DATA FOR THIS EXERCISE.
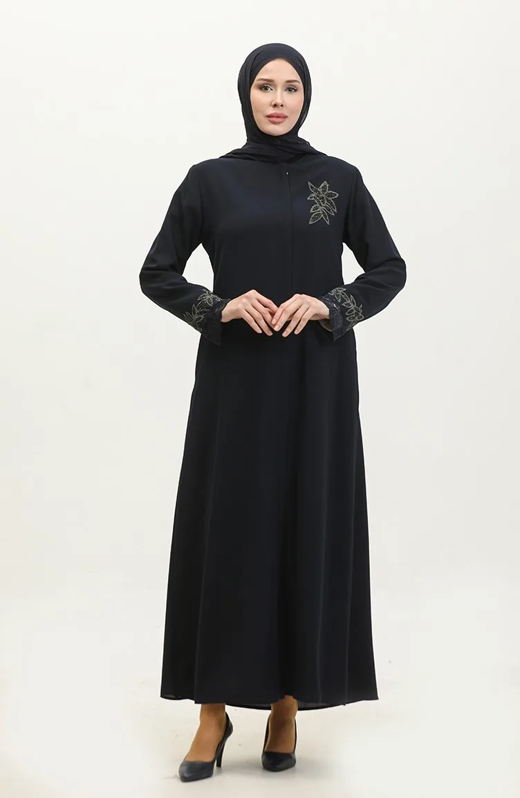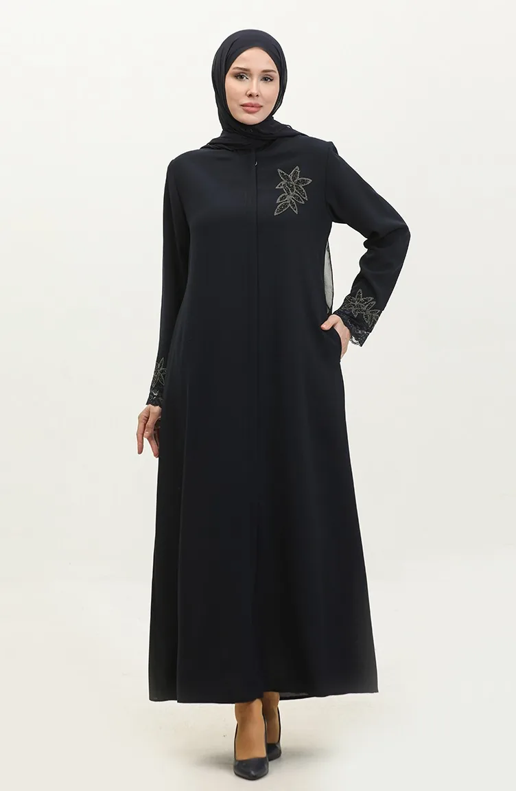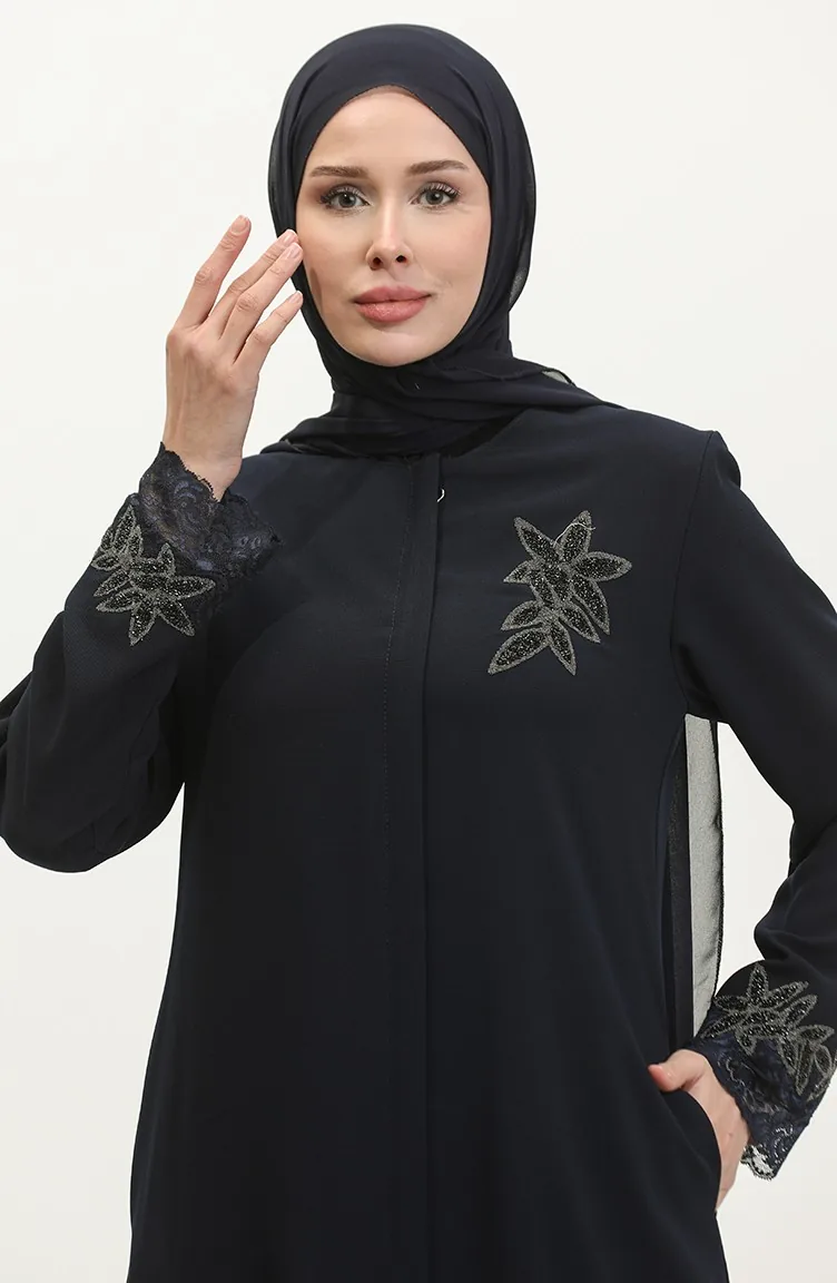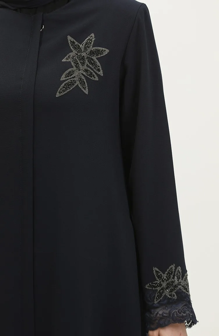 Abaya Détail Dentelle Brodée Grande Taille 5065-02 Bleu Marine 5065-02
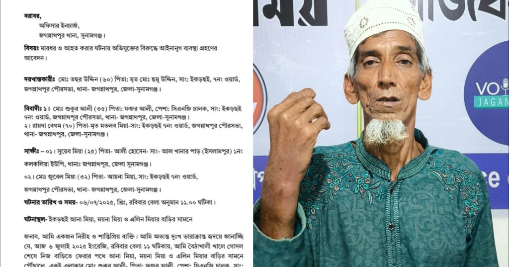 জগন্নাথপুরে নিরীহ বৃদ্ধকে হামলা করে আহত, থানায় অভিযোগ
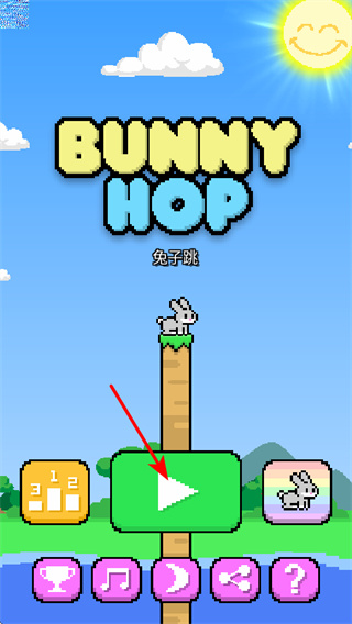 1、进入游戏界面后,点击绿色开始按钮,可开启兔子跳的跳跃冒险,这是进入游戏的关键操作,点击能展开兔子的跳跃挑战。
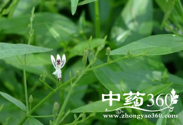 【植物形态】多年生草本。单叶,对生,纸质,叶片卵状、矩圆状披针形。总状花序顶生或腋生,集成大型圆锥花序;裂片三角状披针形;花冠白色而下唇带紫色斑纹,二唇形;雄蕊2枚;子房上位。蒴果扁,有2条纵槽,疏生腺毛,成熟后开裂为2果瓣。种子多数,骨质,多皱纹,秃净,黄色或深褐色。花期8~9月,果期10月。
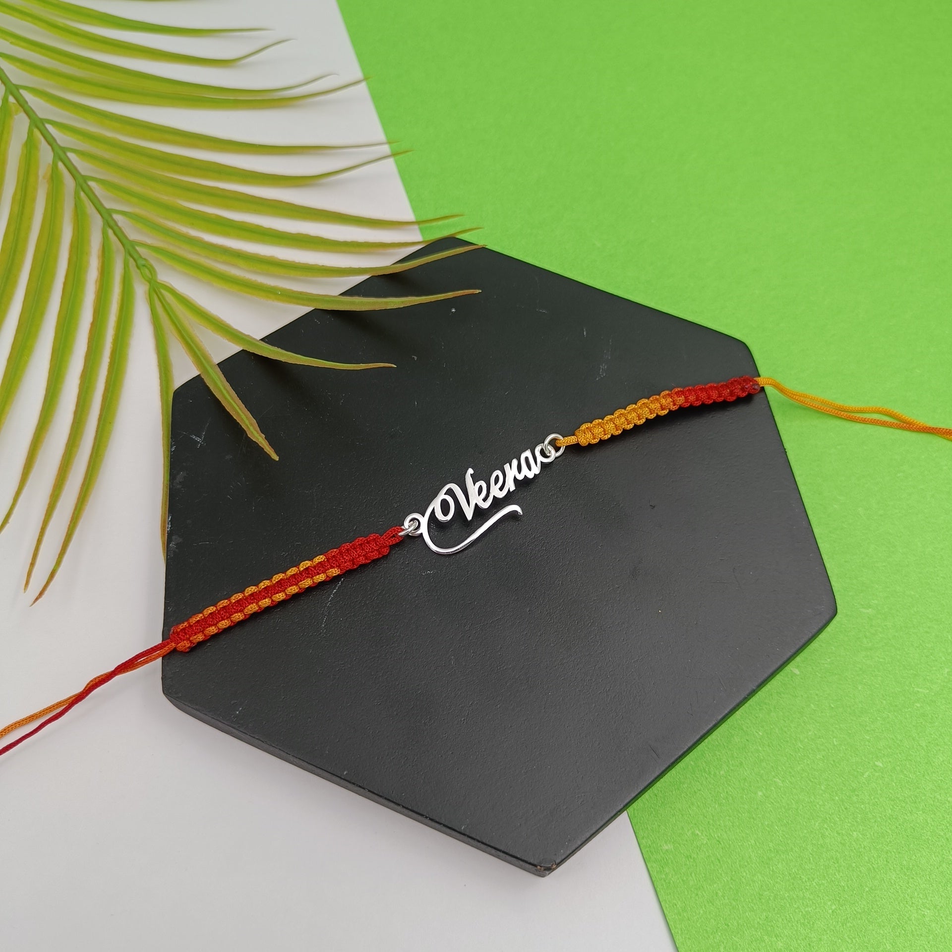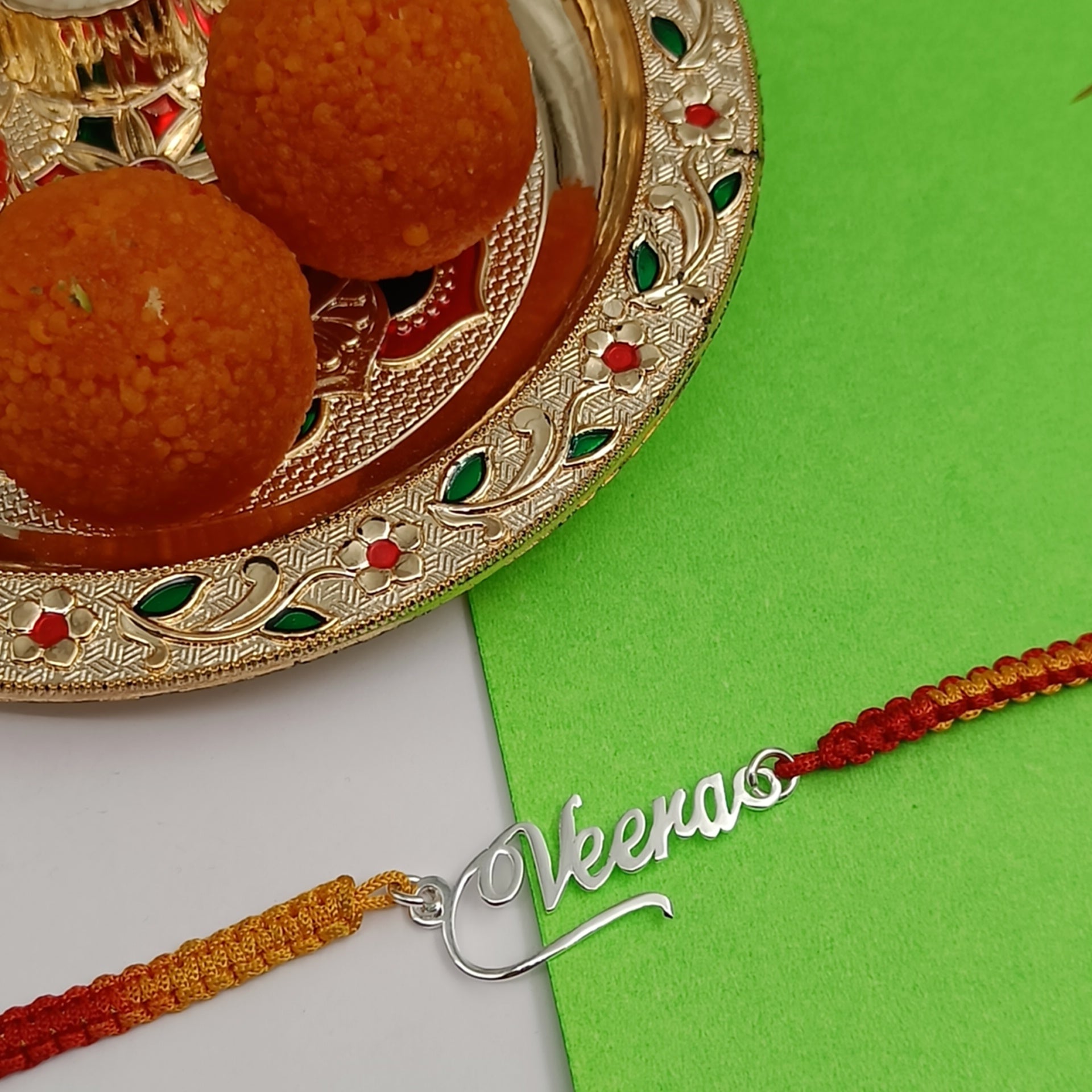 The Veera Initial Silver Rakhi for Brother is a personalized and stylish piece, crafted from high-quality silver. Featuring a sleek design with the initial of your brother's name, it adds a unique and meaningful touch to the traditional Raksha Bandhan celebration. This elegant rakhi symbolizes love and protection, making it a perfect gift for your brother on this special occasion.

ASSIGNMENT.
For this exercise, copy each line of the data above exactly, from the first through the line containing "1、进入游戏界面后,点击绿色", and drop the pictures.

EXERCISE SOLUTION.
 Abaya Détail Dentelle Brodée Grande Taille 5065-02 Bleu Marine 5065-02
 জগন্নাথপুরে নিরীহ বৃদ্ধকে হামলা করে আহত, থানায় অভিযোগ
 1、进入游戏界面后,点击绿色开始按钮,可开启兔子跳的跳跃冒险,这是进入游戏的关键操作,点击能展开兔子的跳跃挑战。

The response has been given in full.